Once you reach the line with "Приміряйте класичні моделі" in the material below, copy each line exactly up to and including the line with "AME08LFFM12.1; Provozní tlak", and skip the pictures.

◆ Extracted entries ◆
==*==

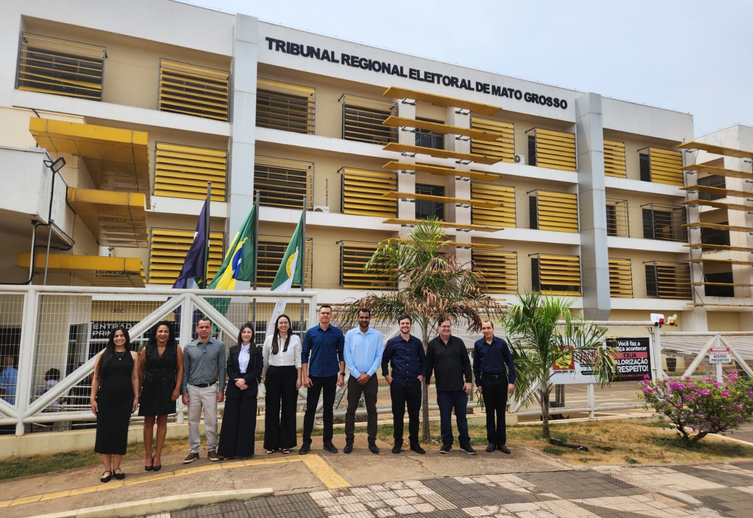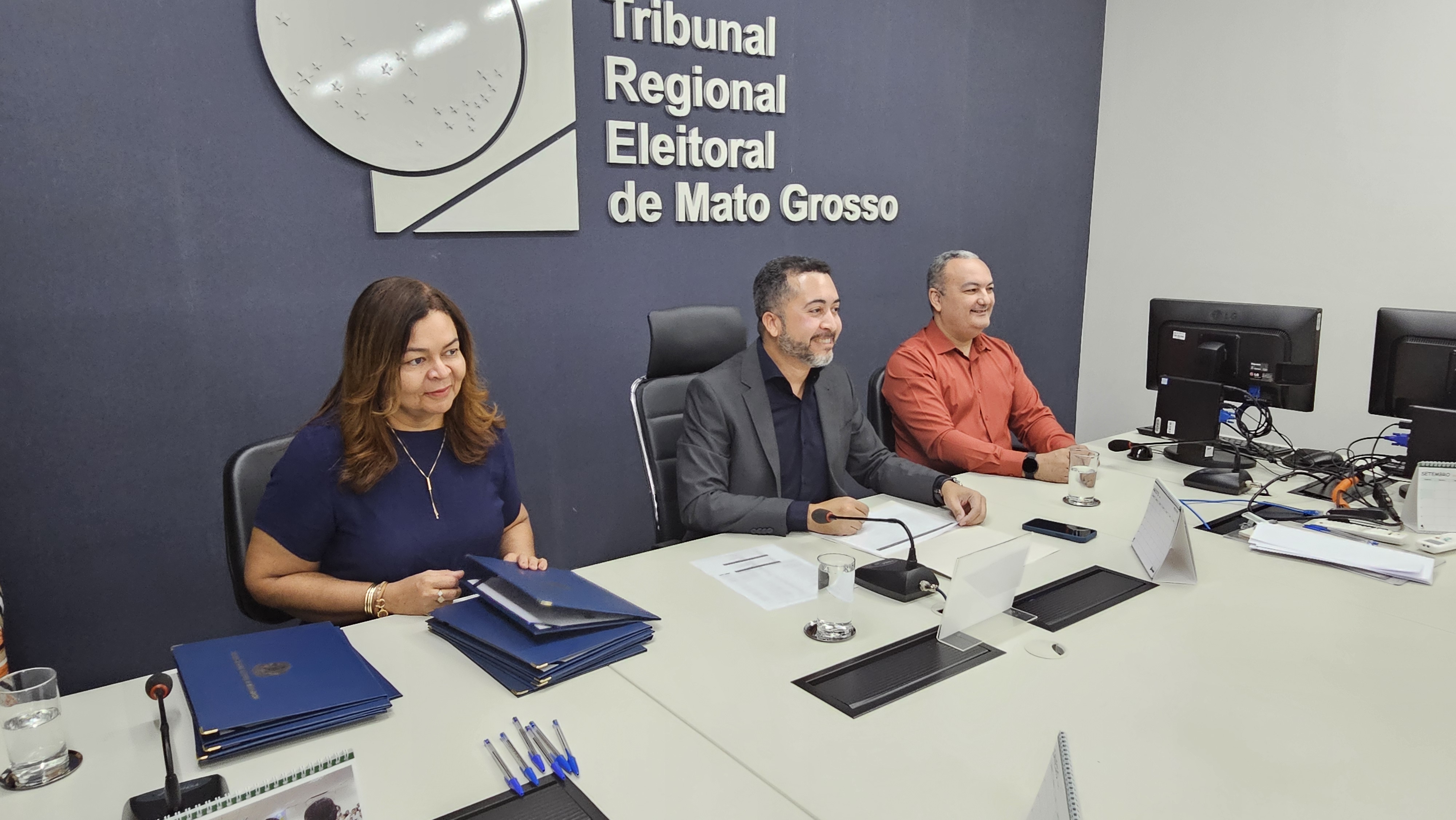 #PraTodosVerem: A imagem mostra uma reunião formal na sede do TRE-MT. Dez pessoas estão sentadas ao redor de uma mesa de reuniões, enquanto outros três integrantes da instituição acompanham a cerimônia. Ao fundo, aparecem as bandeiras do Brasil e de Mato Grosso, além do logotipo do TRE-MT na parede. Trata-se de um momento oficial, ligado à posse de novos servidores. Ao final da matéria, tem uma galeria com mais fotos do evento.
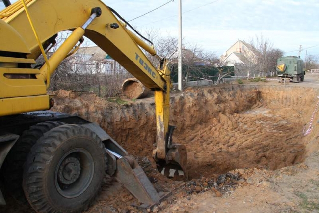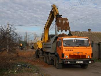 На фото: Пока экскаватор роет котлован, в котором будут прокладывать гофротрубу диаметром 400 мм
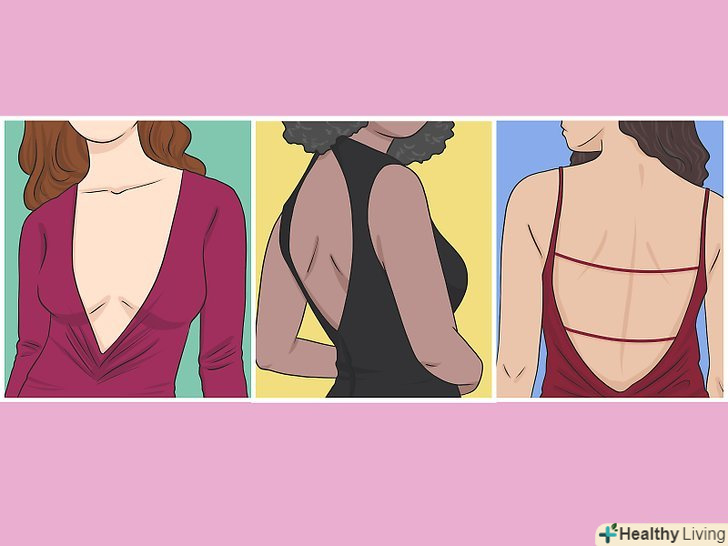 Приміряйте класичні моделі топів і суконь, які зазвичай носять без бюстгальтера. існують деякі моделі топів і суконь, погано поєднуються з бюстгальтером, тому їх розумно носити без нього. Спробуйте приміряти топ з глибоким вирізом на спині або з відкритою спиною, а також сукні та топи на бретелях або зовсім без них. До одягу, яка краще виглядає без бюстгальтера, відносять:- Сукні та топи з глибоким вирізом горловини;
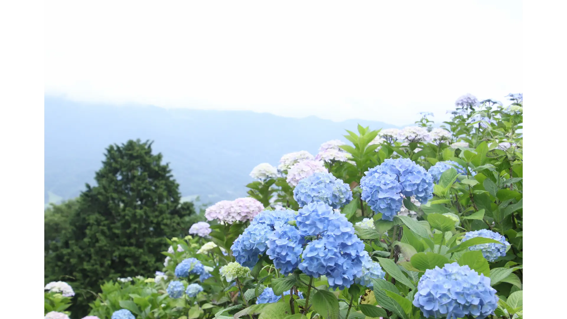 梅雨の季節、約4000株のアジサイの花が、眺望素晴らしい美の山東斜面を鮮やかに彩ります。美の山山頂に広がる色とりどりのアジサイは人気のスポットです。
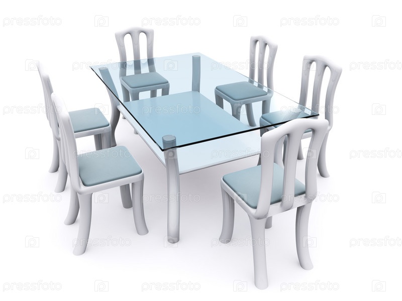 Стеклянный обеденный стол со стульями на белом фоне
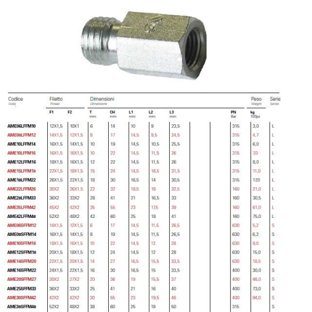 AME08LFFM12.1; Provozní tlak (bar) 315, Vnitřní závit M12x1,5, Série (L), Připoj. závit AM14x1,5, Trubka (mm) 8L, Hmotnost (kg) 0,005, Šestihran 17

==*==

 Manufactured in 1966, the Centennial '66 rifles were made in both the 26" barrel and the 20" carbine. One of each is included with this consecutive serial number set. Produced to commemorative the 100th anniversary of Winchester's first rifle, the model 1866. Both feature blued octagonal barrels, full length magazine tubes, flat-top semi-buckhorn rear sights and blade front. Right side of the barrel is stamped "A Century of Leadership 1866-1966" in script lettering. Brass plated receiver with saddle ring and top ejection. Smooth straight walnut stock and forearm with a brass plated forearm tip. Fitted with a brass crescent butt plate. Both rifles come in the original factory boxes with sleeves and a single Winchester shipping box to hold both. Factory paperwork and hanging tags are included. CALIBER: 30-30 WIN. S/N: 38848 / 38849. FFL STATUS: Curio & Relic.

==*==

◆ Exercise response ◆
 Приміряйте класичні моделі топів і суконь, які зазвичай носять без бюстгальтера. існують деякі моделі топів і суконь, погано поєднуються з бюстгальтером, тому їх розумно носити без нього. Спробуйте приміряти топ з глибоким вирізом на спині або з відкритою спиною, а також сукні та топи на бретелях або зовсім без них. До одягу, яка краще виглядає без бюстгальтера, відносять:- Сукні та топи з глибоким вирізом горловини;
 梅雨の季節、約4000株のアジサイの花が、眺望素晴らしい美の山東斜面を鮮やかに彩ります。美の山山頂に広がる色とりどりのアジサイは人気のスポットです。
 Стеклянный обеденный стол со стульями на белом фоне
 AME08LFFM12.1; Provozní tlak (bar) 315, Vnitřní závit M12x1,5, Série (L), Připoj. závit AM14x1,5, Trubka (mm) 8L, Hmotnost (kg) 0,005, Šestihran 17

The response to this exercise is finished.